Standards and recommended practice help the OEMs, giving them a handhold for testing.
In an ideal case, implementing an environmental testing programme would enable a company to reduce product development time, theoretically reducing costs at the same time.
Key lessons learned
Our key lessons learned are linked to harsh environment testing of equipment used in the energy transition:
1. Cold starts of critical electrical-mechanical components in wind turbines, such as transformer oil pumps, gear boxes and drive trains, are essential to be tested. This need has become higher as a consequence of a few offshore wind energy trends:
- power rating and power density requirement have been increasing (making it more important to choose the best cooling type),
- increasing voltage levels (from 66 kV to 132 kV),
- a shift towards more distant locations in harsher environments and climates, onshore and offshore,
- the growing importance of reliability, availability, maintainability and safety (RAMS),
- the upcoming drive of sustainability, which is responsible for a shift to bio-degradable di-electric fluids.

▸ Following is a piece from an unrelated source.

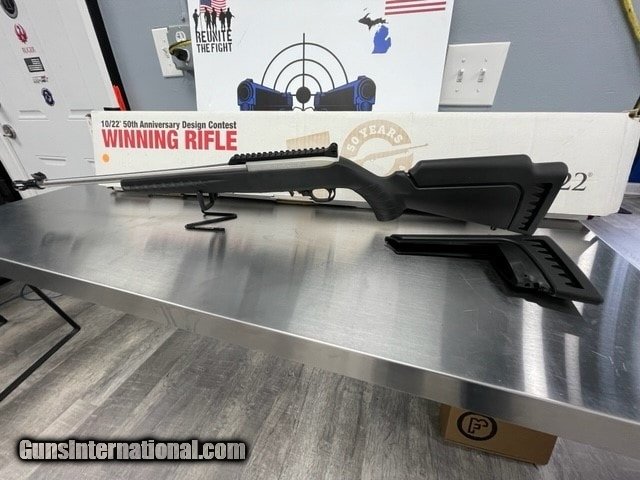 Description: Guns Listing ID: 481139 This firearm is new. GDC does not have a upc to add as new.. IT IS NOT USED. This is a contest winner. Awesome rifle. turm, Ruger & Company, Inc., in celebration of the 50th anniversary of the 10/22®, is proud to announce the 10/22® 50th Anniversary Design Contest Winning Rifle. The contest winning rifle, available only in 2014, takes the legendary action and renowned, reliable rotary magazine of the 10/22® and combines them with the best features of other popular Ruger® rifles. The result is a fun, versatile .22 rifle that enthusiasts of all ages are sure to enjoy. The 10/22® 50th Anniversary Design Contest Winning Rifle is the result of Ruger‚‚s most extensive Voice of the Customer Program ever: In late 2013, Ruger invited fans to submit ideas for their ideal 50th Anniversary 10/22®. Ten contest finalists were put to a vote on the Ruger and, after almost 40,000 votes were tallied, the winner emerged! \"For 50 years, the Ruger 10/22® has been America‚‚s favorite .22 rifle and this Contest Winning rifle is a great representation of what Ruger is trying to do today - listen to its customers,\" said Chris Killoy, Ruger President and Chief Operating Officer. \"The idea for this gun was submitted by one of our customers, and voted on by many more.\" Based on the original 10/22® rifle, this model features the ergonomic, lightweight black composite stock and the Ruger® Modular Stock System from the Ruger American Rimfire™ rifle. It also includes a protected, non-glare post front sight, ghost ring adjustable rear aperture sight, and Picatinny rail from the popular Gunsite Scout Rifle. The special edition rifle is rounded out with a precision-rifled, cold hammer-forged, stainless steel barrel, which is capped with a blued alloy steel SR-556®/Mini-14®-style, 1/2‚‚-28 thread flash suppressor. To further recognize the 50th Anniversary, this rifle and all 2014 production Ruger® 10/22® rifles will feature a special, limited-time \"50th Anniversary Logo\" bolt marking, \"The Ruger 10/22 • 22 LR - Fifty • 1964-2014\" receiver markings and a commemorative \"50th Anniversary Logo\" bo SOLD Manufacturer: RUGER Model: 10/22 50TH ANNIVERSARY Caliber Info: 22 LR Condition: Used - Non-Certified Barrels: 21.5 BARREL Finish: STAINLESS AND BLACK |

Test case in the climate chamber: 15-MVA offshore wind transformer at -25 °C
The focus of a test campaign, ordered by Siemens Energy, was on validation of cold-start-up scenarios down to 25 °C, to improve the cold-start procedure and to reduce waiting time after a cold period, using flame-retardant, biodegradable, insulating fluid. During the test project, the transformer was set up in the large climate chamber for three weeks at a temperature of -25 °C. An external cooling circuit of 500 kW was provided to cool the transformer and its integrated heat exchangers. In addition, an external 2-MVA power supply with a variable voltage between 3 kV and 11 kV was provided. Sirris conducted several 24-hour cold-start tests on the test rig, supervised by Siemens Energy.
Testing of a full wind turbine nacelle and generator of small- & mid-scaled wind turbines
Cold-start tests taught us that a temperature of -40 °C is most demanding for yaw gearboxes (they got blocked!), cables became brittle and the power converter would not start (hair dryers were needed to increase temperature to -20 °C), while generator bearings did okay.
2. De-risking offshore operations linked to humidity and corrosion: research by Fraunhofer Institute had already confirmed a link between humidity and electrical failures in wind turbines. The research confirmed a direct correlation between humidity and the technical faults that occur in turbines.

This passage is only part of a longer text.